Real Estate Investors everyone has had their eyes on the grand prize that is Mumbai real estate ever since they started accumulating wealth. It’s no secret that all the people working in the metropolis dream of becoming landlords and someday owning diverse inventories in the city. However, things don’t become easily possible just because we want them with intensity.
Gathering capital for investment can seem tough for those who haven’t faced the next step. That’s because what comes after accumulating wealth is figuring out which property you’re going to buy. Obviously, depending upon your budget, you can’t expect to buy the first billionaire mansion you see on Altamount Road. At least, not yet.
Maybe if you start investing smartly in properties like 2 bhk flats for sale in Mulund West, studios and 1-2-3-bedroom apartments in BKC, Thane, Powai, etc., you might be able to grow your inventory. Once you know how to assess real estate value, yield profits and how to flip a property, you can be looking at high returns.
So, let’s take a look at some professional tips for real estate investors given by industry experts:
Carefully Set the Budget Aside
The first step towards an investment venture requires capital.
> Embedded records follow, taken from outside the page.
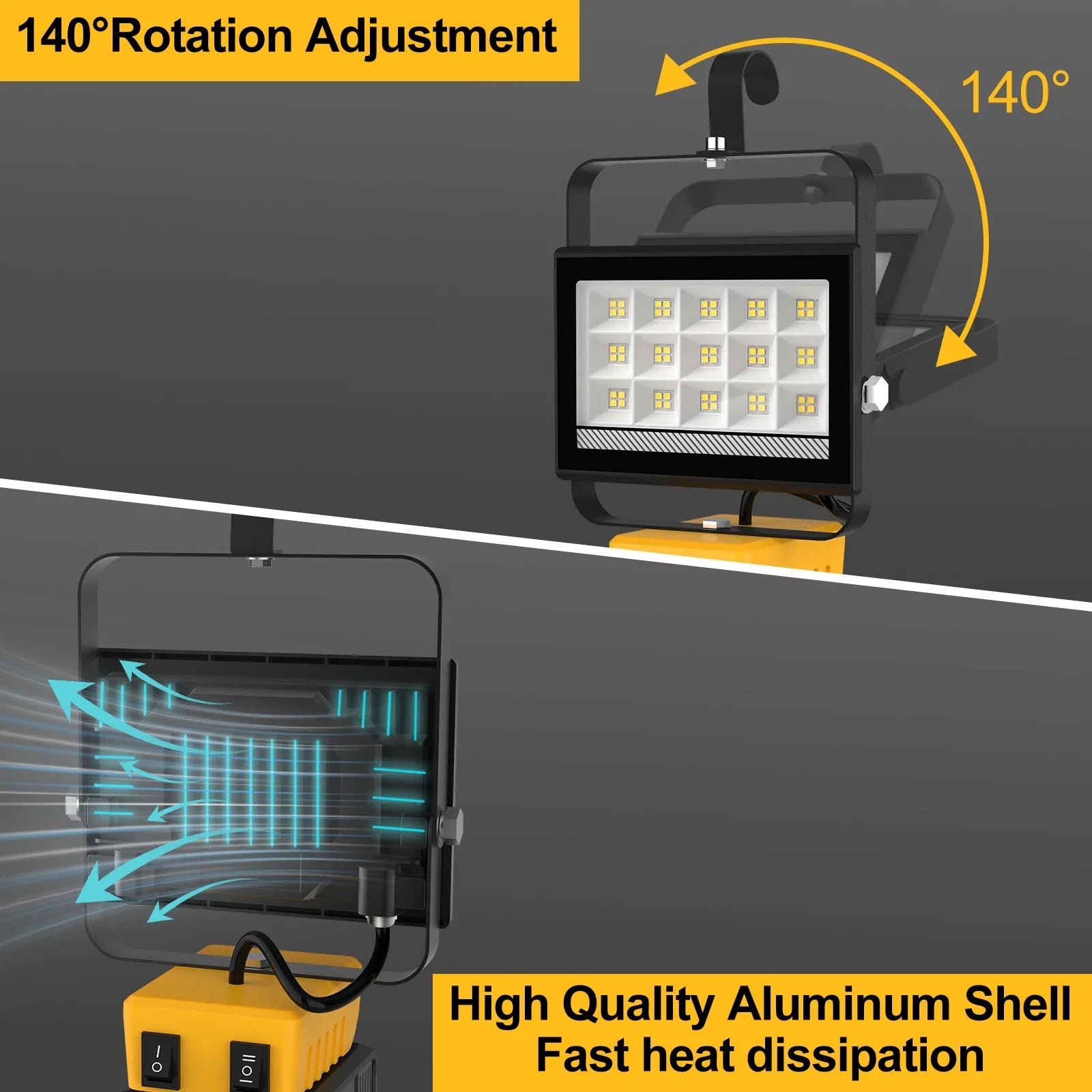 Carvallo arbetslampa PowerCraft Pro 60W | 6000LM | För DeWalt/Makita/Milwaukee batterier | Bärbar & Uppladdningsbar | Camping & Verkstad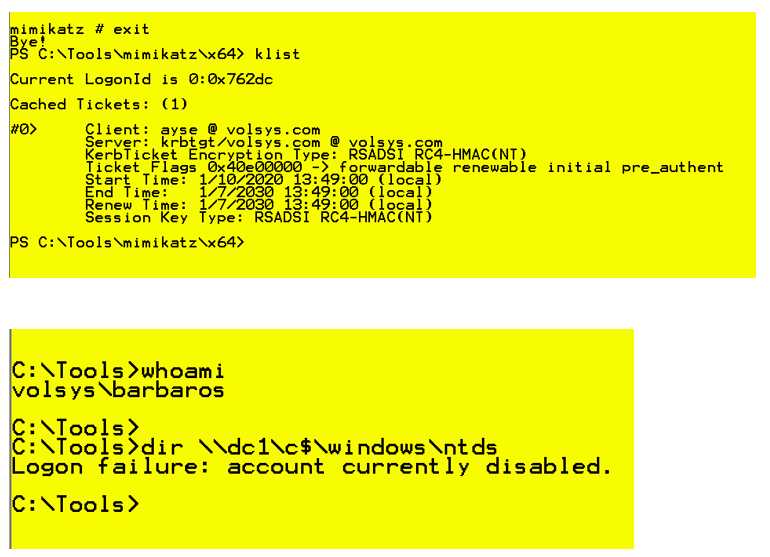 Aşağıda da görüleceği üzere Golden Ticket’ı olan bir kullanıcı Domain Admin grubundan çıkarıldıktan sonra Disable edilirse, Ticket aktif olsa dahi herhangi bir aktivite yapılamamaktadır. Logon Failure: account currently disabled. uyarısı alınmaktadır.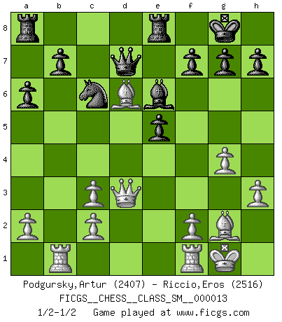 Last move : 1/2-1/2 2011 March 5 22:8:36 [Event "FICGS__CHESS__CLASS_SM__000013"] [Site "FICGS"] [Date "2011.01.09"] [Round "1"] [White "Podgursky,Artur"] [Black "Riccio,Eros"] [Result "1/2-1/2"] [WhiteElo "2407"] [BlackElo "2516"] 1.e4 c5 2.Nf3 d6 3.d4 cxd4 4.Nxd4 Nf6 5.Nc3 a6 6.h3 e6 7.g4 d5 8.exd5 Nxd5 9.Nde2 Bb4 10.Bg2 O-O 11.O-O Bxc3 12.Nxc3 Nxc3 13.bxc3 Qc7 14.Qf3 e5 15.Ba3 Rd8 16.Rab1 Nc6 17.Bc5 Re8 18.Qd3 Be6 19.Bd6 Qd7 1/2-1/2 Sicilian : Najdorf, Adams attack Kingside Castling by player Black (move 10) Kingside Castling by player White (move 11) This chess game ended in a draw. Follow this game move after move (download)Chess is mental torture. (Garry Kasparov) Ohne Leiden bildet sich kein Charakter. (Ernst Freiherr von Feuchtersleben) Yo siempre he tenido un ligero sentimiento de lástima por una persona que no tiene conocimiento del Ajedrez. (Siegbert Tarrasch) Des points faibles ou des trous dans la position de l'adversaire doivent être occupés par des pièces et non pas par des pions. (Siegbert Tarrasch) As a goal marker shodan is important. As a destination it is a poor place to stop. (Thomas Tamayo)
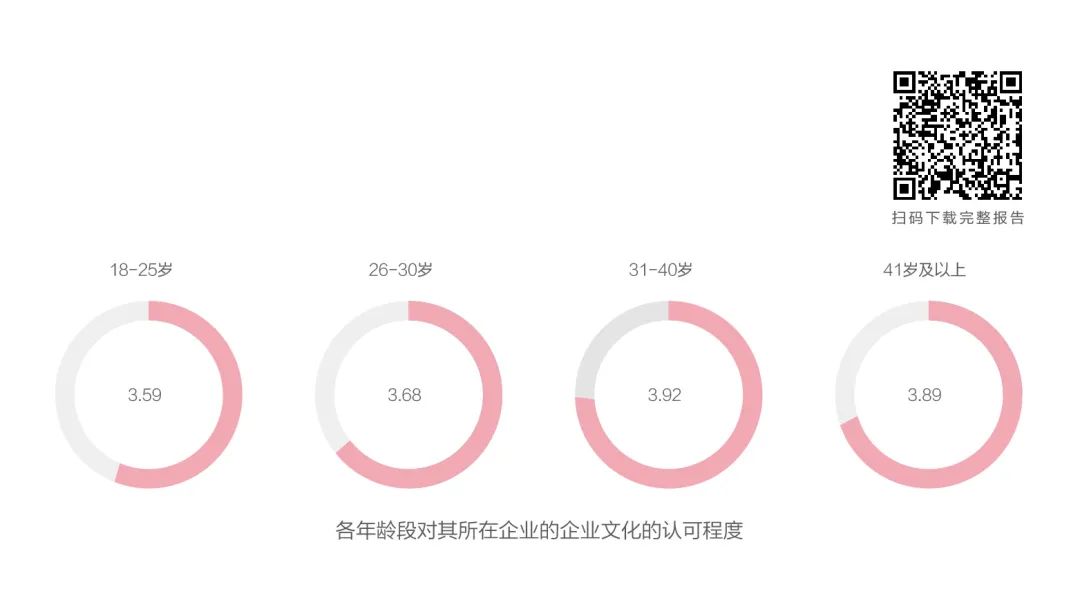 我们的调研表明:Z世代对企业文化认可度最低(为3.59分,满分5分),随着年龄的增加,认可度越高,最高的是31-40岁年龄段群体(3.92),而41岁以上群体,对企业文化的认可度又出现下降(3.89)。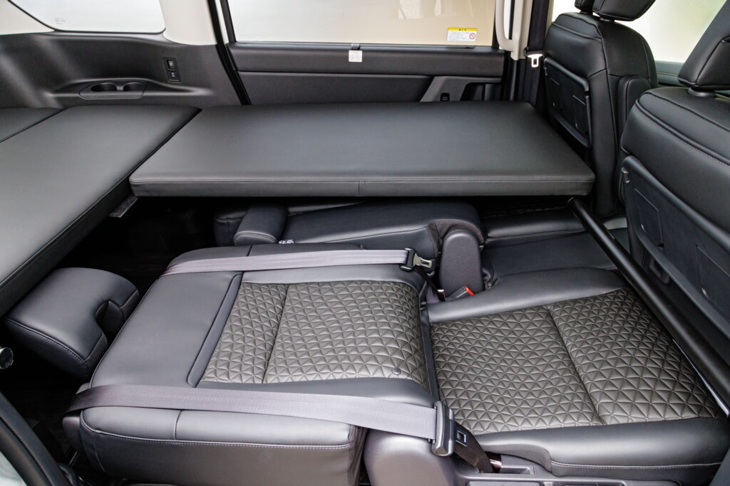 これだと、ベッドにするには運転席・助手席を前にスライドさせねばならず、運転は無理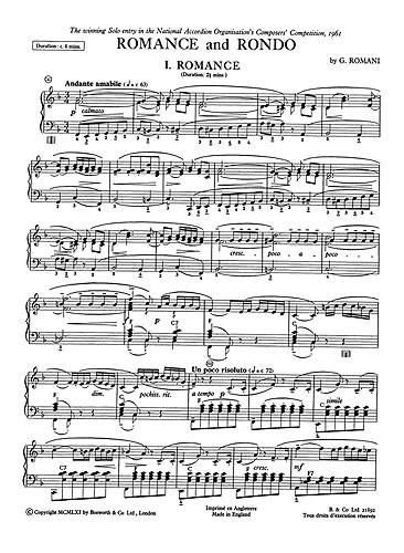Romance and Rondo is a two movement work for solo Accordion, approximately 4 minutes in length. It was written by Graham Romani in 1961 for the Solo Accordion section of the National...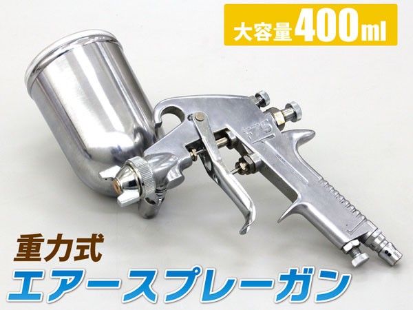 エアースプレーガン 塗装ガン プロ仕様 ノズル口径 1.3mm 上カップ 400ml 重力式 パターン調整 エアー量調整 吐出量 カップ角度調整可能 60日安心保証付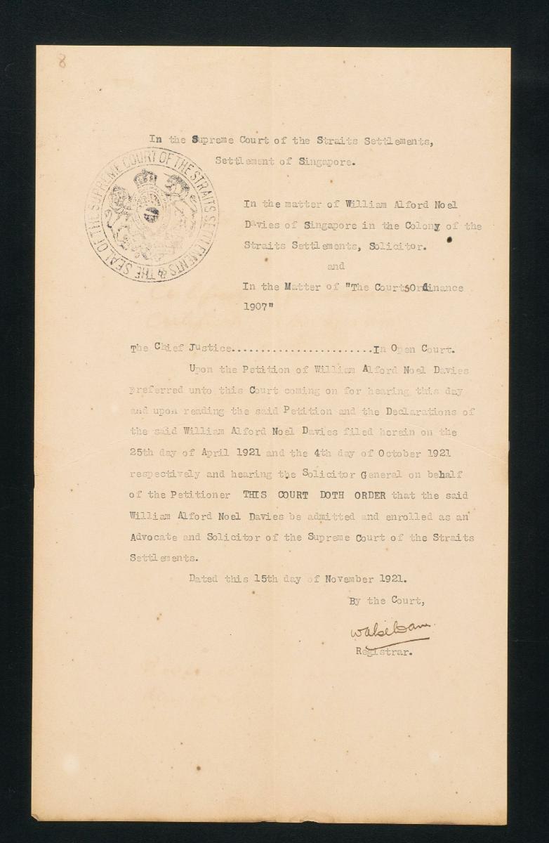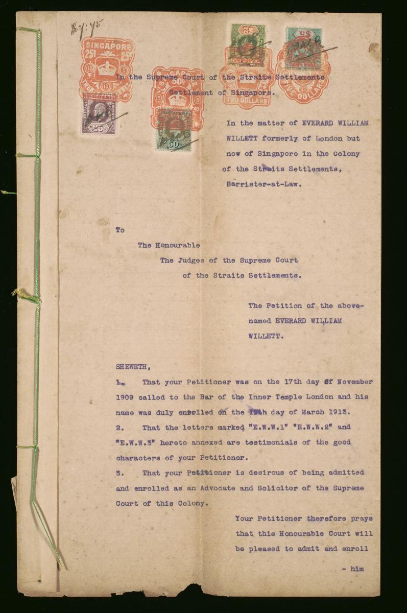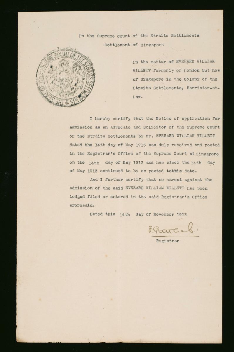 This is an order issued by the Supreme Court of the Straits Settlements on 14 July 1913 concerning the petition of Everard William Willett. It is part of a collection of legal documents from the 19th and early 20th centuries which provides a glimpse into the work of the notable personalities who left their mark on Singapore’s legal history, and the economic and other transactions undertaken by ordinary immigrants in 19th century Singapore that tell stories of misfortune and indebtedness which would otherwise have disappeared from history.

However, the most common mistake made here is to consider your full budget as the entirety of your investment.
You can’t expect a property to cost you only the asking price Real Estate Investors. Let’s say you find an amazing flat for sale that the current owner is willing to sell at around 20,00,000. While this may be a plausible figure to base your estimations around, it’s not the total amount that you’ll accrue. And in real estate, the expenditures almost always go above the top. That’s why, for a property that costs around 20,00,000, you need to have at least 25,00,000. This will be necessary to cover registration, taxation, documentation, legal help, etc.
Moreover, you also need to consider the possibility of not receiving Real Estate Investors returns from the property due to various circumstances. For example, having repair and maintenance expenditures piling up can result in situations where your profits are reinvested in your property. That’s why it’s best to have some budget aside for a rainy day.
Research Neighbourhoods
When it comes to researching localities, you need to keep in mind that it’s not just the current situation that you’re assessing. At face value, almost all neighbourhoods in the metropolis stand out with their features and amenities. However, we know that not all properties in a single or various location(s) stand at equal value. As far as appreciation goes, some properties might fare better than others depending upon their demand. Similarly, you can’t expect an area with a high crime rate, distant amenities and facilities, and inaccessible transportation options to appeal to families looking to move in.
Another factor to consider here is future developments. A slum with no substantial land value can become a real estate gold mine as soon as infrastructural projects develop the area. History stands with the fact that developments in the surrounding area always increase the value of the land.
For properties in the northern and southern districts of the MMR, this fact can be decisive in distinguishing successful from failing investment ventures. An example of this is the steadily progressing flats for sale in Mulund West, Thane, Powai, BKC, and other such areas. With upcoming infrastructure projects due for completion in the next decade, investments will inevitably offer high returns for those who can be patient enough.
Inventory Diversification
It goes without saying that every real estate investor wants to be successful. However, like all other investments, it comes with its own set of risks. This is something that scares people, especially those who have recently tasted rental yields. They immediately decide that since their move in one direction reaped good results, they’ll repeat the process. This is where investors become stagnant and start experiencing a lack of diversity in their portfolios.
Retail investment in residential segment yields only 2 – 3 % where as the commercial spaces/business parks yields 6- 8% annually. If you can wait for some years for bigger returns it is advisable to do a proper research in your city and invest in the residential lands/plots in the emerging localities. Land always appreciate.
If your residential investment venture was a success, it’s okay to go for another one in another neighbourhood. However, sticking with residential investments will cause you to miss out on commercial opportunities. While they may seem complicated, commercial investments have their own benefits and advantages.
Other than the above-mentioned tips, we advise all investors to not invest too much or too miserably. An example of the former can be spending too much on a rental property while for the latter, not investing in repairs at all will only delay inevitable expenditures. Moreover, connect with as many real estate experts, groups, clubs, etc. as you can. This will inevitably help you gain a competitive advantage with the knowledge and information you’ll gain in these circles of Real Estate Investors.